Subject: Re: Program recovery using checkpointing
To: Ignatios Souvatzis <ignatios@cs.uni-bonn.de>
From: Antti Kantee <pooka@cs.hut.fi>
List: tech-kern
Date: 03/13/2005 22:02:54
On Fri Mar 11 2005 at 12:38:14 +0100, Ignatios Souvatzis wrote:
> On Thu, Mar 10, 2005 at 06:15:11AM -0800, Kamal R. Prasad wrote:
> > Hello, 
> > 
> >  I have written a paper (and submitted to USENIX). 
> > 
> > A copy of the paper is available at:-
> > ftp.netbsd.org:/pub/NetBSD/misc/prasad/paper_1.pdf
> > 
> > The src code based on dragonflybsd is available at:-
> > ftp.netbsd.org:/pub/NetBSD/misc/prasad/mypatch.tar.gz
> > 
> > Pl. feel free to use/port it -and if you have any
> > questions, pl. let me know.
> 
> That author will speak up himself, I guess, but: what are the
> architectural differences to kernel- assisted but application
> driven checkpointing as described in [1]?

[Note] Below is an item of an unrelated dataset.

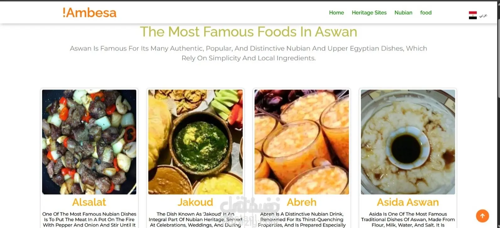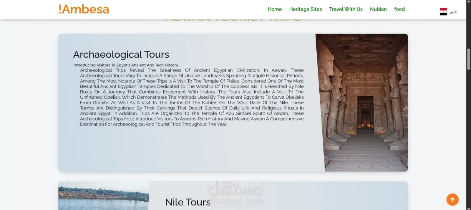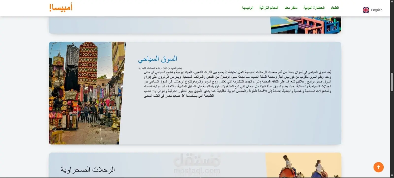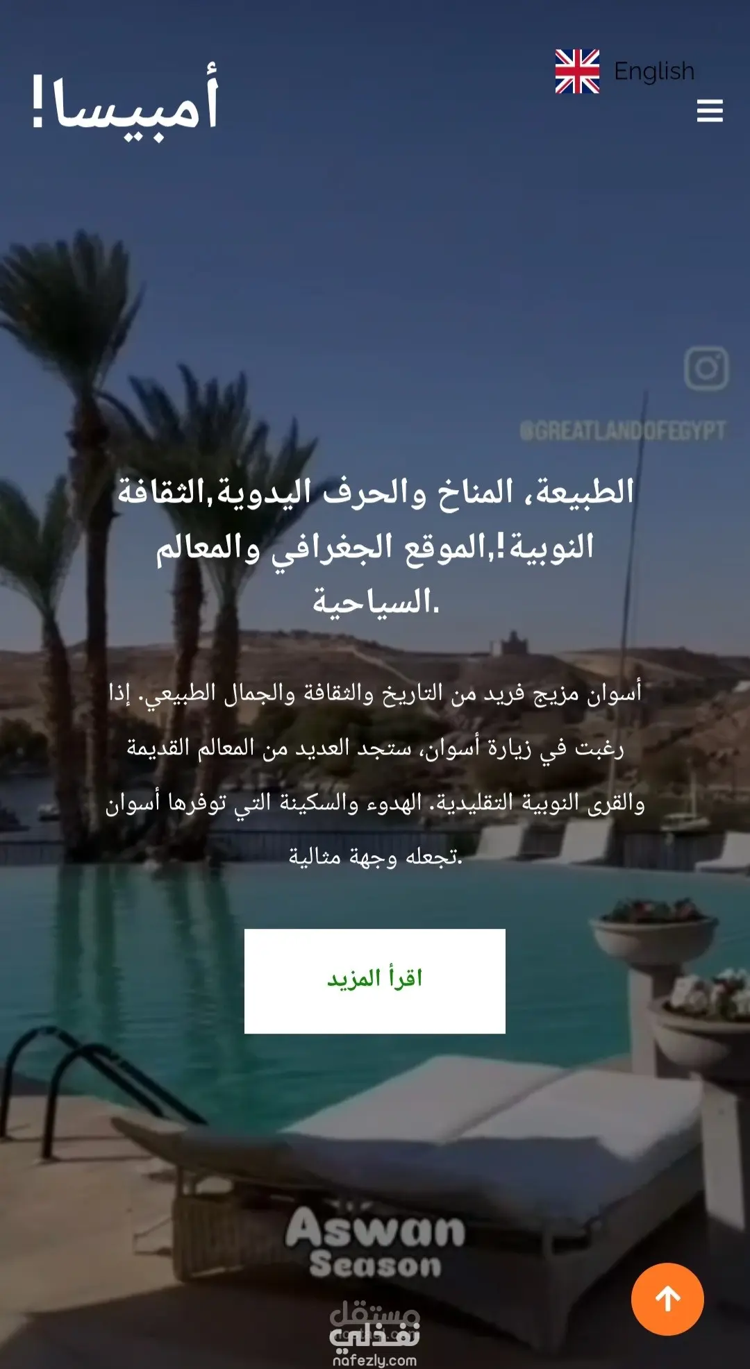 قبل شهر واحد • تم التحرير • مرئية لأي شخص على أو خارج LinkedIn Ambasa 🇻🇨 : 🚀 كيف يتحوّل تاريخ مدينة كاملة إلى تجربة رقمية ذكية؟ 🌍 هذا المشروع هو موقع ويب تعريفي عن مدينة أسوان يعيد تقديم تاريخها العريق والحضارة النوبية 🏺، أهم المعالم السياحية 🏛️، الأكلات التقليدية 🍽️، والأنشطة السياحية 🌞، بأسلوب رقمي حديث يليق بعراقة المكان. 🌐 دعم كامل للغتين العربية والإنجليزية 🤖 بوت ذكاء اصطناعي يوجّه الزوار ويجيب عن استفساراتهم ✨ تجربة مستخدم سلسة تجمع بين الجمال والوظيفة 🔧 ما الذي ميّز التنفيذ؟ 🎨 تصميم عصري يعكس روح أسوان 📱 أداء قوي وموقع متجاوب على جميع الأجهزة ✨ أنيميشن خفيفة تضيف حياة للمحتوى 🎨 ألوان مستوحاة من الطبيعة (الأزرق – الذهبي – الأخضر) 🧩 كود نظيف وقابل للتطوير 🔥 هذا المشروع ليس مجرد موقع… بل تجربة رقمية تروّج للتراث بأسلوب المستقبل.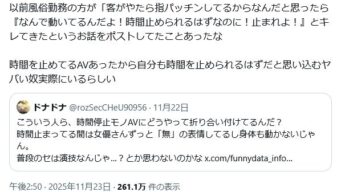 なんG 【恐怖】風俗嬢「客のおっさんが指パッチンで時間止めてレイプしようとしてくるヤバい奴だった…」

I fiddled around with checkpointing and process migration for my master's
thesis and ended up noticing that everything is nice and fine before you
start doing i/o (big surprise there).  So to make a long story short I
ended up doing checkpointing at the user level, but adding some kernel
optimizations for saving only the deltas of the memory space between
each checkpoint.

Of course I wasn't aiming for an "exact" checkpoint, only a "semantic"
checkpoint.  After all, if you're doing checkpointing from the program
code, you might as well exploit the fact that the program knows its
own behaviour.

But, AFAICT, the proposed method is also application-driven checkpointing,
since it provides a programming interface instead of operating
transparently in the background.

> [1] Antti Kantee: Using Application-Driven Checkpointing Logic
> for Hot Spare High Availability, proceedings of the 3rd European
> BSD Conference, Karlsruhe 2004,
> http://www.eurobsdcon2004.de/uploads/media/EBSD04_36.pdf
> Karlsruhe

Should anyone be interested, the entire story containing a bit more
mumbling and rambling is available at:
http://www.cs.hut.fi/~pooka/school/thesis/

-- 
Antti Kantee <pooka@iki.fi>                     Of course he runs NetBSD
http://www.iki.fi/pooka/                          http://www.NetBSD.org/
                        "The dish washer returns!"